[Opening Collected material section]

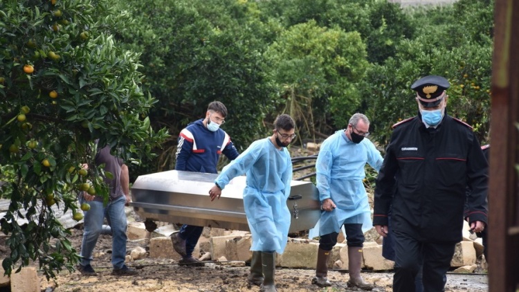 Ένας 67χρονος άνδρας βρέθηκε νεκρός σε έναν οπωρώνα, σε μεγάλη απόσταση από το σημείο όπου εθέαθη για τελευταία φορά, όταν το αυτοκίνητό του παρασύρθηκε από τα νερά και τη λάσπη, στα νοτιοδυτικά της Κατάνης. Η σύζυγός του αγνοείται ακόμη.
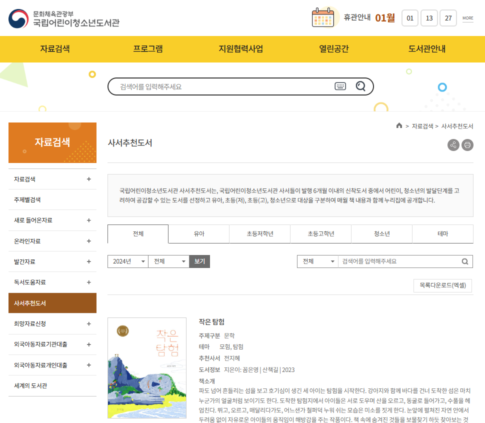 국립중앙도서관과 비슷하게 국립어린이청소년도서관에서는 유아부터 시작해 초등학생, 그리고 청소년을 위한 추천 도서를 정리해서 공개하고 있다. 문화체육관광부 국립어린이청소년도서관 홈페이지 또는 다음 링크를 통해서 나이별로 그리고 주제별로 추천 도서를 아래 그림처럼 확인할 수 있다. 25년 1월 말 기준으로 총 2,440개의 추천 도서가 존재한다. 간단한 책 소개도 같이 수록되어 있으니, 구매나 도서 대출 전 자녀와 함께 읽어보고 흥미에 맞는 책을 고르는 데 한결 도움이 되지 않을까 싶다.
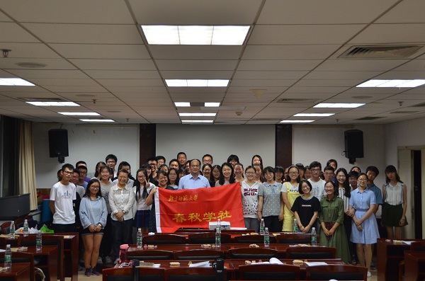 大会开始,副社长陈兴就今年学社的招新情况向老师和新社员们作了详细的介绍。随后,姜海军副院长作了讲话,他从三个方面对学社组织的一系列活动给予了高度的评价,同时也对同学们提出了自己的期望。胡小溪老师则回忆了自己和春秋学社的故事,对学社提出了新的要求和希望,李力老师也给予了学社满满的祝福。相信在老师们的鼓励和祝福下,学社一定会办出更好的活动,取得更优秀的成绩。至此,全员大会告一段落,全体社员和老师们合影留念,并欢送嘉宾离场。

[Closing Collected material section]

**About this exercise**
Everything from the line with "국립중앙도서관과 비슷하게 국립어린이청소년도서관에서는" through the end of the listing above, both ends included, should be set down exactly; copy nothing else, and skip the pictures.

**Solved exercise**
 국립중앙도서관과 비슷하게 국립어린이청소년도서관에서는 유아부터 시작해 초등학생, 그리고 청소년을 위한 추천 도서를 정리해서 공개하고 있다. 문화체육관광부 국립어린이청소년도서관 홈페이지 또는 다음 링크를 통해서 나이별로 그리고 주제별로 추천 도서를 아래 그림처럼 확인할 수 있다. 25년 1월 말 기준으로 총 2,440개의 추천 도서가 존재한다. 간단한 책 소개도 같이 수록되어 있으니, 구매나 도서 대출 전 자녀와 함께 읽어보고 흥미에 맞는 책을 고르는 데 한결 도움이 되지 않을까 싶다.
 大会开始,副社长陈兴就今年学社的招新情况向老师和新社员们作了详细的介绍。随后,姜海军副院长作了讲话,他从三个方面对学社组织的一系列活动给予了高度的评价,同时也对同学们提出了自己的期望。胡小溪老师则回忆了自己和春秋学社的故事,对学社提出了新的要求和希望,李力老师也给予了学社满满的祝福。相信在老师们的鼓励和祝福下,学社一定会办出更好的活动,取得更优秀的成绩。至此,全员大会告一段落,全体社员和老师们合影留念,并欢送嘉宾离场。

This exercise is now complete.